### [PROBLEM STATEMENT]
Reproduce exactly only the lines from the line that holds "Ви любите гарячі" to the line that holds "Light skirting across", inclusive, in the listing below, and please leave out every picture.

### [RAW DATA]

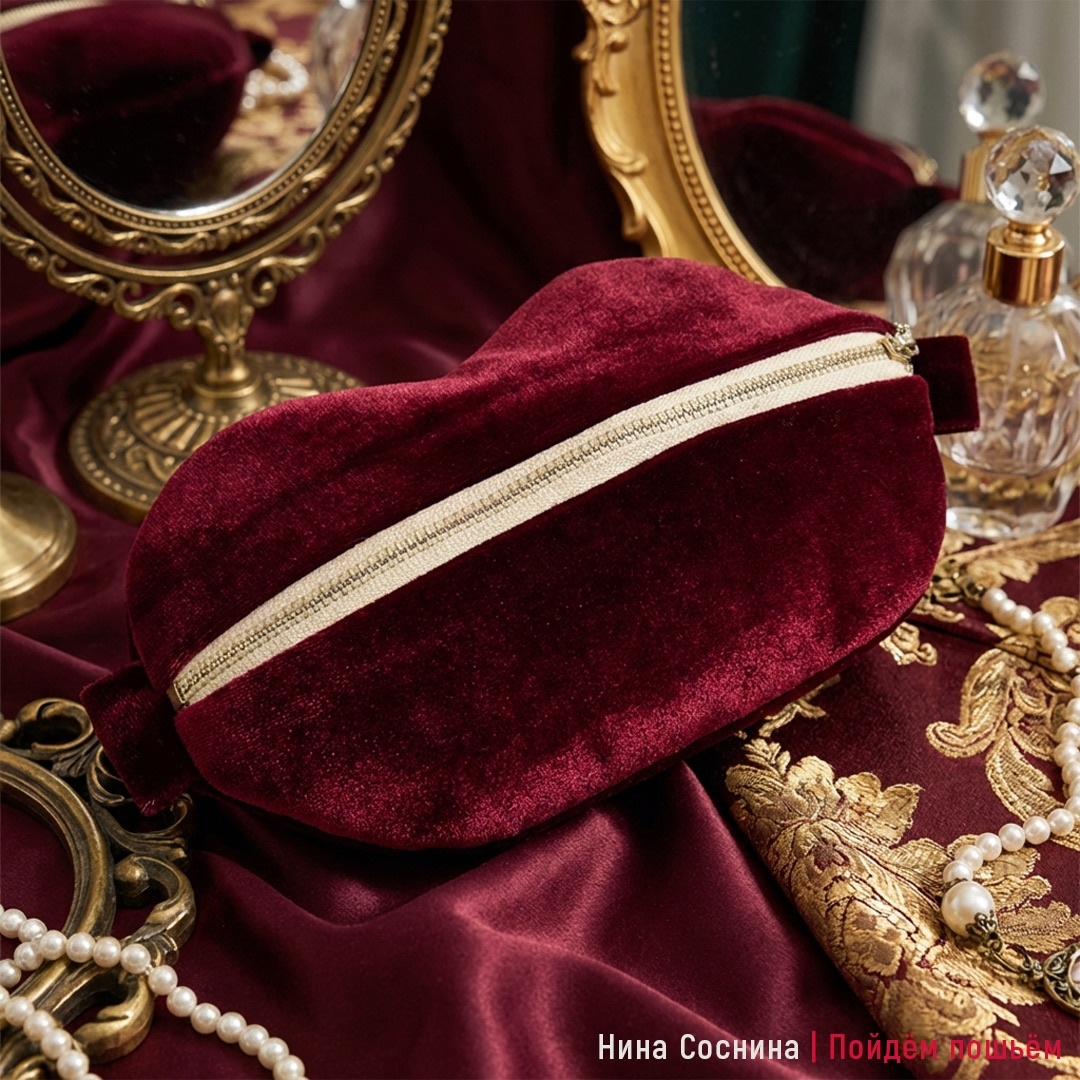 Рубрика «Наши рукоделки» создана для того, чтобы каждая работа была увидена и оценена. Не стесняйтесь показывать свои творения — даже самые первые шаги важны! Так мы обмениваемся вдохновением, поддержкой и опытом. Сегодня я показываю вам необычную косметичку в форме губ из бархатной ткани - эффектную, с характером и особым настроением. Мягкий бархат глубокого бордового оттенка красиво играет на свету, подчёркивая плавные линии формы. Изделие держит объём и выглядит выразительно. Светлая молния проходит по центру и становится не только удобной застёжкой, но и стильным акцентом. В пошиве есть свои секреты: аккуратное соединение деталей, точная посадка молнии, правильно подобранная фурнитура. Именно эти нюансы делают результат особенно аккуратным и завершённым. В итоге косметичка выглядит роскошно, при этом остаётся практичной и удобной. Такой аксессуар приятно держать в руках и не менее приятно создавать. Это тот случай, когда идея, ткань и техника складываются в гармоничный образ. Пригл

...

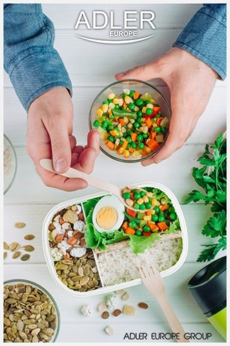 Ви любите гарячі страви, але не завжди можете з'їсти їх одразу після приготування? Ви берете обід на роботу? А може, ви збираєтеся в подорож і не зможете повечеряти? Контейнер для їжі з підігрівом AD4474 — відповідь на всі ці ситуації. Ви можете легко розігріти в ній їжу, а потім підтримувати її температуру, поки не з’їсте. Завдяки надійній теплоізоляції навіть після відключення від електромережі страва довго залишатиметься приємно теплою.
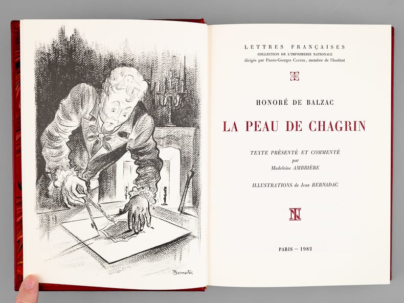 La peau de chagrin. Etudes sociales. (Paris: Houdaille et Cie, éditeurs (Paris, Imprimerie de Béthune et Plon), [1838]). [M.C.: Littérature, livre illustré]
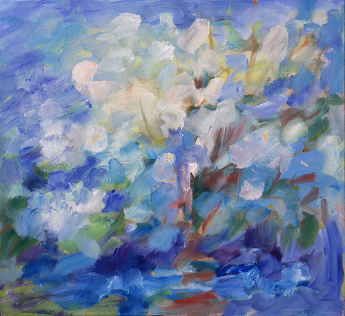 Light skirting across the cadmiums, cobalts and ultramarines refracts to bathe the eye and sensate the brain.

### [EXPECTED ANSWER]
 Ви любите гарячі страви, але не завжди можете з'їсти їх одразу після приготування? Ви берете обід на роботу? А може, ви збираєтеся в подорож і не зможете повечеряти? Контейнер для їжі з підігрівом AD4474 — відповідь на всі ці ситуації. Ви можете легко розігріти в ній їжу, а потім підтримувати її температуру, поки не з’їсте. Завдяки надійній теплоізоляції навіть після відключення від електромережі страва довго залишатиметься приємно теплою.
 La peau de chagrin. Etudes sociales. (Paris: Houdaille et Cie, éditeurs (Paris, Imprimerie de Béthune et Plon), [1838]). [M.C.: Littérature, livre illustré]
 Light skirting across the cadmiums, cobalts and ultramarines refracts to bathe the eye and sensate the brain.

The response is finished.